McGee et al. (2012) describe Voice of Sisyphus, a multimedia installation that sonifies a black-and-white image using raster scanning and frequency domain filtering in “Voice of Sisyphus: An Image Sonification Multimedia Installation.” Unlike traditional spectrograph-based sonification methods, this project focuses on probing different image regions to create a dynamic audio-visual composition. Custom software enables real-time manipulation of image regions, polyphonic sound generation, and spatialization. The installation cycles through eight phrases, each with distinct visual and auditory characteristics, creating a continuous, evolving experience. The authors discuss balancing visual and auditory aesthetics, noting that visually coherent images often produce noisy sounds, while abstract images yield clearer tones. The project draws inspiration from early experiments in image sonification and aims to create a synchronized audio-visual experience engaging viewers on multiple levels.

Software Interface for Voice of Sisyphus (McGee et al., 2012)

Roodaki et al. (2017) introduce SonifEye, a system that uses physical modeling sound synthesis to convey visual information in high-precision tasks, in “SonifEye: Sonification of Visual Information Using Physical Modeling Sound Synthesis.” They propose three sonification mechanisms: touch, pressure, and angle of approach, each mapped to sounds generated by physical models (e.g., tapping on a wooden plate or plucking a string). The system aims to reduce cognitive load and avoid alarm fatigue by using intuitive, natural sounds. Two experiments compare the effectiveness of visual, auditory, and combined feedback in high-precision tasks. Results show that auditory feedback alone can improve task performance, particularly in scenarios where visual feedback may be distracting. The authors suggest applications in medical procedures and other fields requiring precise manual tasks.

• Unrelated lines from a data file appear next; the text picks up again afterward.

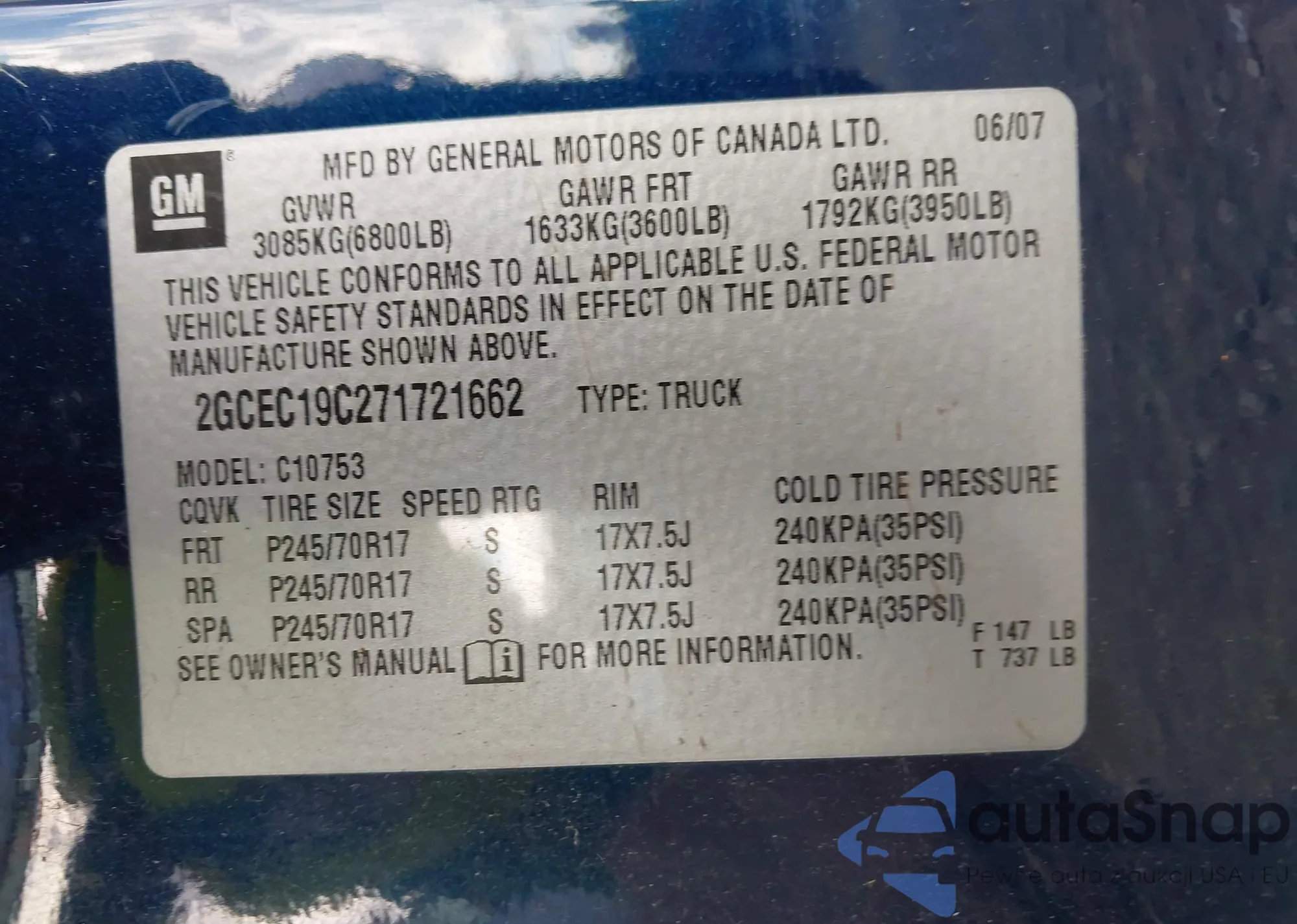 • VIN 2GCEC19C271721662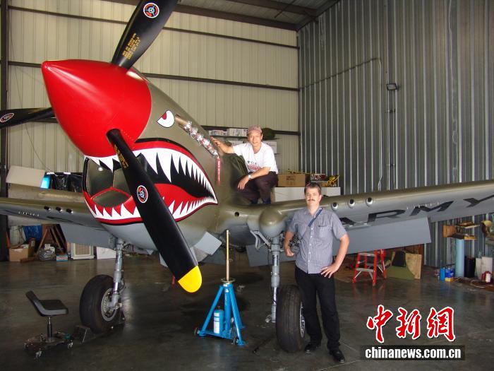 卢百可(右一)与广西柳州媒体人黄希翎(右二)在美国一收藏家家里与飞虎队P-40战机合影。 受访者供图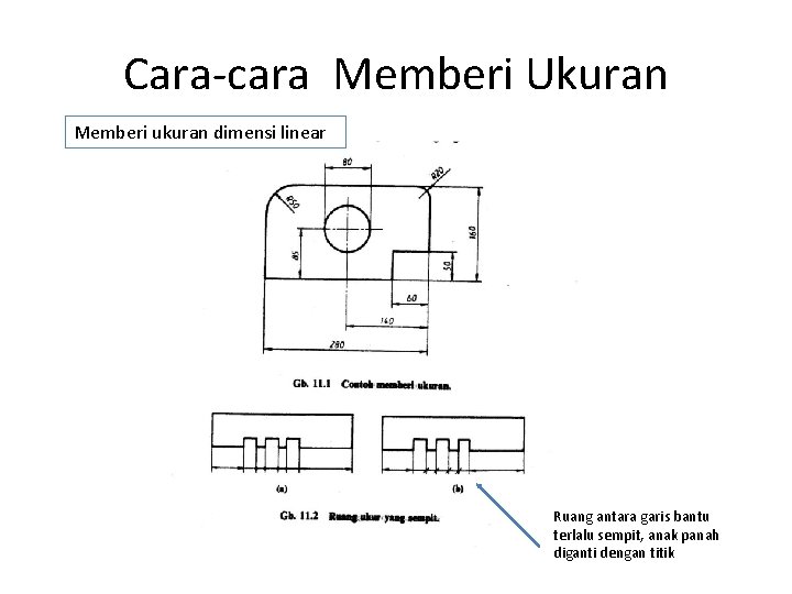 Cara-cara Memberi Ukuran Memberi ukuran dimensi linear Ruang antara garis bantu terlalu sempit, anak panah diganti dengan titik

Dubus and Bresin review mapping strategies for the sonification of physical quantities in “A Systematic Review of Mapping Strategies for the Sonification of Physical Quantities.” Their study analyzes 179 publications to identify trends and best practices in sonification. The authors find that pitch is the most commonly used auditory dimension, while spatial auditory mapping is primarily applied to kinematic data. They also highlight the lack of standardized evaluation methods for sonification efficiency. The paper proposes a mapping-based framework for characterizing sonification and suggests future work in refining mapping strategies to enhance usability.

References

Yeo, Woon Seung, and Jonathan Berger. 2005. “A Framework for Designing Image Sonification Methods.” In Proceedings of ICAD 05-Eleventh Meeting of the International Conference on Auditory Display, Limerick, Ireland, July 6-9, 2005.

Sharma, Karan, Arun CS Kumar, and Suchendra M. Bhandarkar. 2017. “Action Recognition in Still Images Using Word Embeddings from Natural Language Descriptions.” In 2017 IEEE Winter Conference on Applications of Computer Vision (WACV), 978-1-5090-4941-7/17. DOI: 10.1109/WACVW.2017.17.

Iovino, Francisco, Rene Causse, and Richard Dudas. 1997. “Recent Work Around Modalys and Modal Synthesis.” In Proceedings of the International Computer Music Conference (ICMC).

McGee, Ryan, Joshua Dickinson, and George Legrady. 2012. “Voice of Sisyphus: An Image Sonification Multimedia Installation.” In Proceedings of the 18th International Conference on Auditory Display (ICAD-2012), Atlanta, USA, June 18–22, 2012.

Roodaki, Hessam, Navid Navab, Abouzar Eslami, Christopher Stapleton, and Nassir Navab. 2017. “SonifEye: Sonification of Visual Information Using Physical Modeling Sound Synthesis.” IEEE Transactions on Visualization and Computer Graphics 23, no. 11: 2366–2371. DOI: 10.1109/TVCG.2017.2734320.

Dubus, Gaël, and Roberto Bresin. 2013. “A Systematic Review of Mapping Strategies for the Sonification of Physical Quantities.” PLoS ONE 8(12): e82491. DOI: 10.1371/journal.pone.0082491.